Output the listing verbatim, leaving out every picture.

-- GIVEN DATA follows --

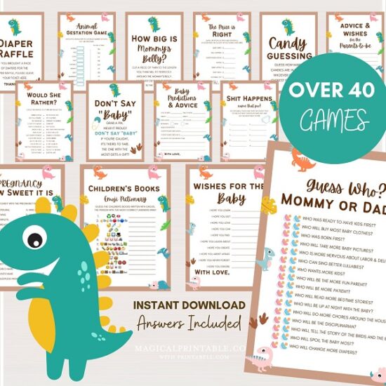 - Dino Baby Shower Bingo: Guests fill in bingo cards with potential baby-related gifts. As the mom-to-be opens her gifts, guests mark off items. The first one to get bingo wins.
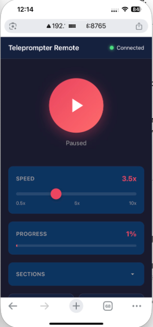 Control your teleprompter from any device on your network - phone, tablet, or second computer. Touch-friendly interface with full playback control and section navigation.
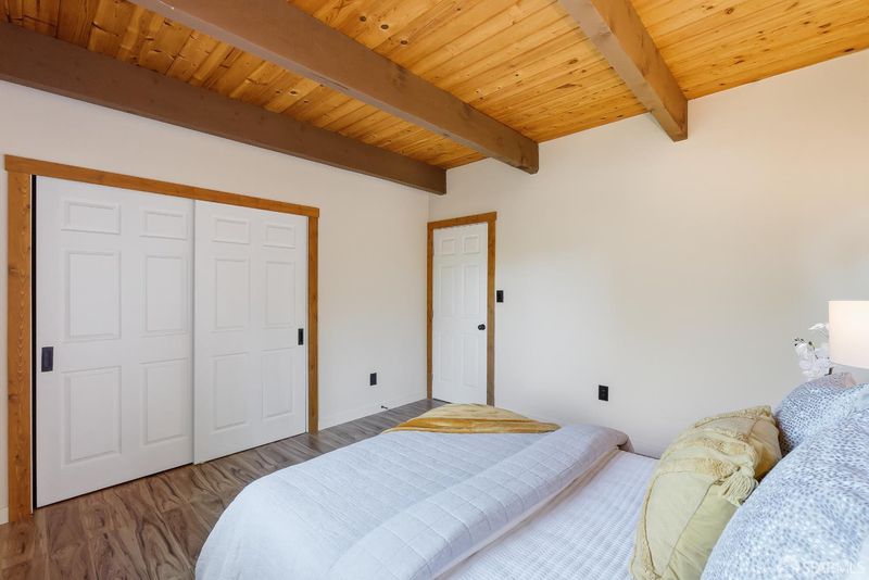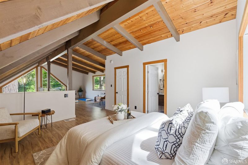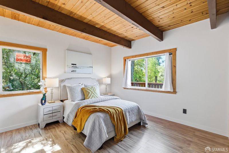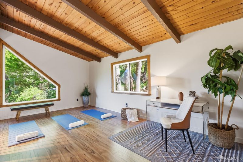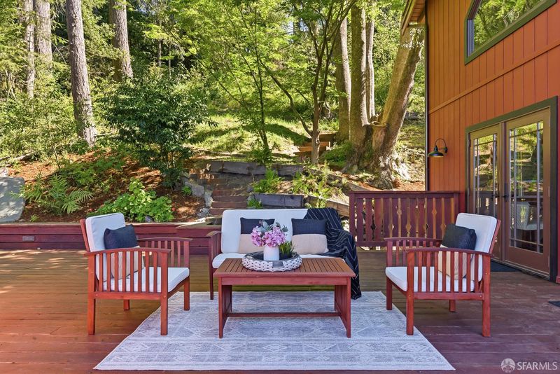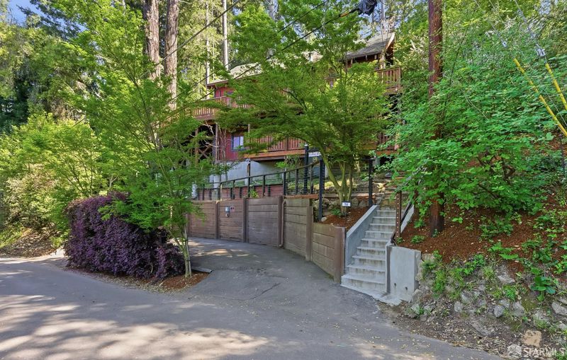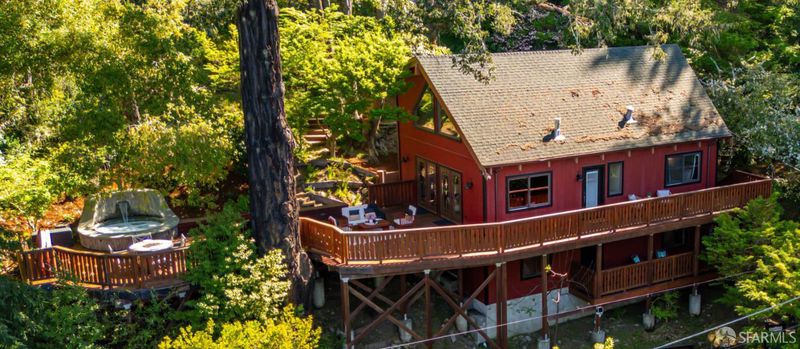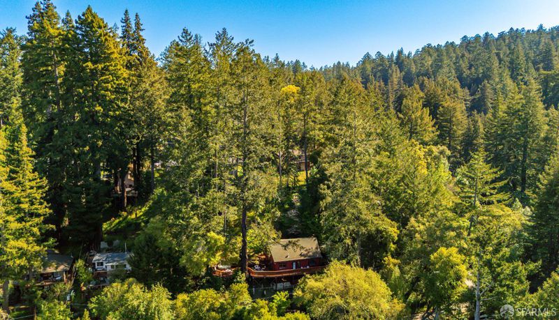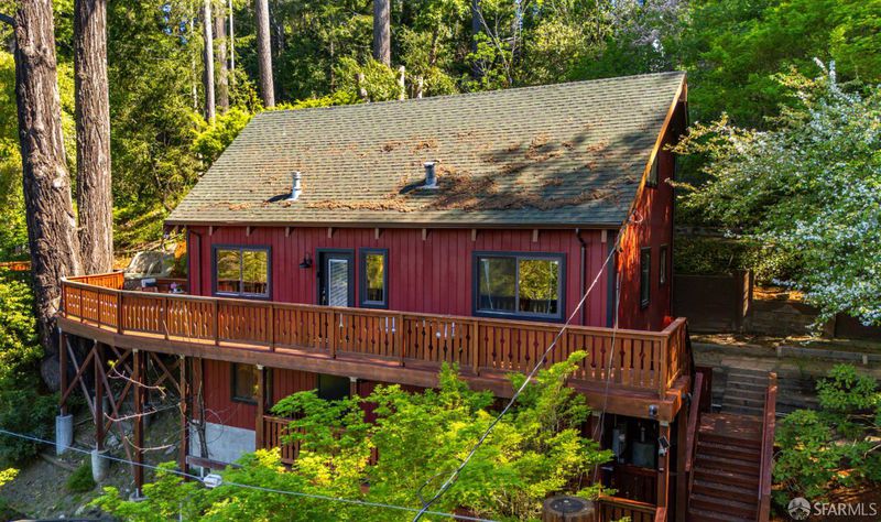 Nestled among towering Giant Redwoods & Douglas Firs, this distinctive three-level hillside retreat blends rustic country charm with thoughtful modern upgrades, (Exit off 17 South before the "fish hook") elevated private living with warm architectural details and serene forest views, the home offers a unique treehouse-like living experience while maintaining comfortable contemporary living. The residence features three-bedroom areas, plus a spacious loft suite that functions like a private primary retreat, complete with a modern en-suite bathroom, cedar-lined walk-in closet, and an additional flex area ideal for a den, nursery, or exercise space. Throughout the home you'll find exposed beams, wood slat ceilings, and a new state-of-the-art gas stove fireplace, adding warmth and character to the living space. The kitchen and bathrooms have been tastefully renovated, including the sleek modern loft bath and a country-style main floor bath with a soaking tub. The home features all new appliances (multi-door refrigerator that makes regular and ball ice, wired dimmable under counter lighting and an electric air-fryer capable range with a 5-burner cooktop, a separate laundry room with new washer and dryer, and an energy-efficient heat pump system providing energy efficient heating and cooling. Outdoor living is truly special here. There is also an expansive 80-foot deck that winds through the surrounding forest canopy and features a custom, built-in cement, tile & stone hot tub and an imported Moroccan Tiled Gas Fire Table (hooked into the gas line), creating an extraordinary setting for relaxation or entertaining among the trees. The lower level offers exceptional flexibility, with its own entrance, walk-in shower, and potentially a kitchenette area featuring an all-in-one refrigerator, two-electric burners, and sink ideal for guests, extended family, a regular bedroom, or potential in-law living. Additional features include an EV charger (220V) and 3-car tandem driveway. A rare opportunity to own a character-rich forest retreat with modern amenities and versatile living spaces.
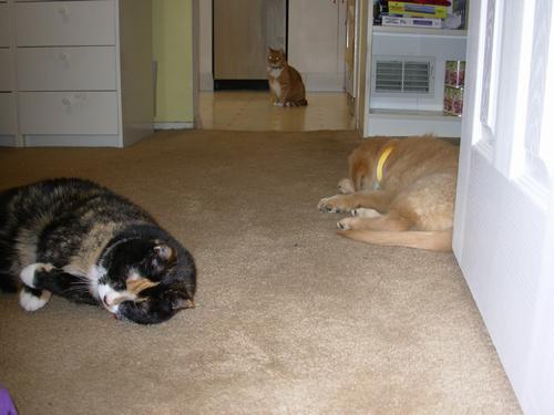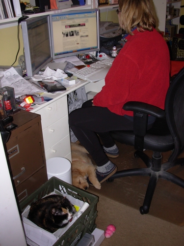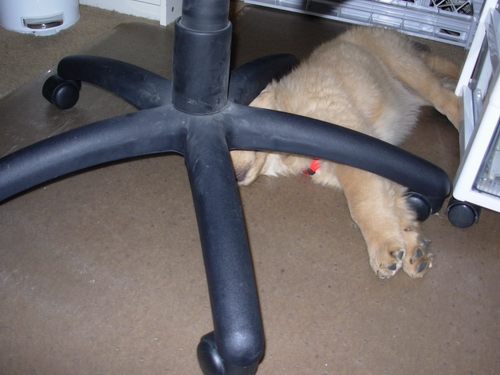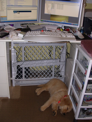 Compare & contrast, sleeping under the computer desk: Left, 20 April 2007 | Right, 8 July 2007

-- GIVEN DATA concluded --

▶ _RESPONSE_
 - Dino Baby Shower Bingo: Guests fill in bingo cards with potential baby-related gifts. As the mom-to-be opens her gifts, guests mark off items. The first one to get bingo wins.
 Control your teleprompter from any device on your network - phone, tablet, or second computer. Touch-friendly interface with full playback control and section navigation.
 Nestled among towering Giant Redwoods & Douglas Firs, this distinctive three-level hillside retreat blends rustic country charm with thoughtful modern upgrades, (Exit off 17 South before the "fish hook") elevated private living with warm architectural details and serene forest views, the home offers a unique treehouse-like living experience while maintaining comfortable contemporary living. The residence features three-bedroom areas, plus a spacious loft suite that functions like a private primary retreat, complete with a modern en-suite bathroom, cedar-lined walk-in closet, and an additional flex area ideal for a den, nursery, or exercise space. Throughout the home you'll find exposed beams, wood slat ceilings, and a new state-of-the-art gas stove fireplace, adding warmth and character to the living space. The kitchen and bathrooms have been tastefully renovated, including the sleek modern loft bath and a country-style main floor bath with a soaking tub. The home features all new appliances (multi-door refrigerator that makes regular and ball ice, wired dimmable under counter lighting and an electric air-fryer capable range with a 5-burner cooktop, a separate laundry room with new washer and dryer, and an energy-efficient heat pump system providing energy efficient heating and cooling. Outdoor living is truly special here. There is also an expansive 80-foot deck that winds through the surrounding forest canopy and features a custom, built-in cement, tile & stone hot tub and an imported Moroccan Tiled Gas Fire Table (hooked into the gas line), creating an extraordinary setting for relaxation or entertaining among the trees. The lower level offers exceptional flexibility, with its own entrance, walk-in shower, and potentially a kitchenette area featuring an all-in-one refrigerator, two-electric burners, and sink ideal for guests, extended family, a regular bedroom, or potential in-law living. Additional features include an EV charger (220V) and 3-car tandem driveway. A rare opportunity to own a character-rich forest retreat with modern amenities and versatile living spaces.
 Compare & contrast, sleeping under the computer desk: Left, 20 April 2007 | Right, 8 July 2007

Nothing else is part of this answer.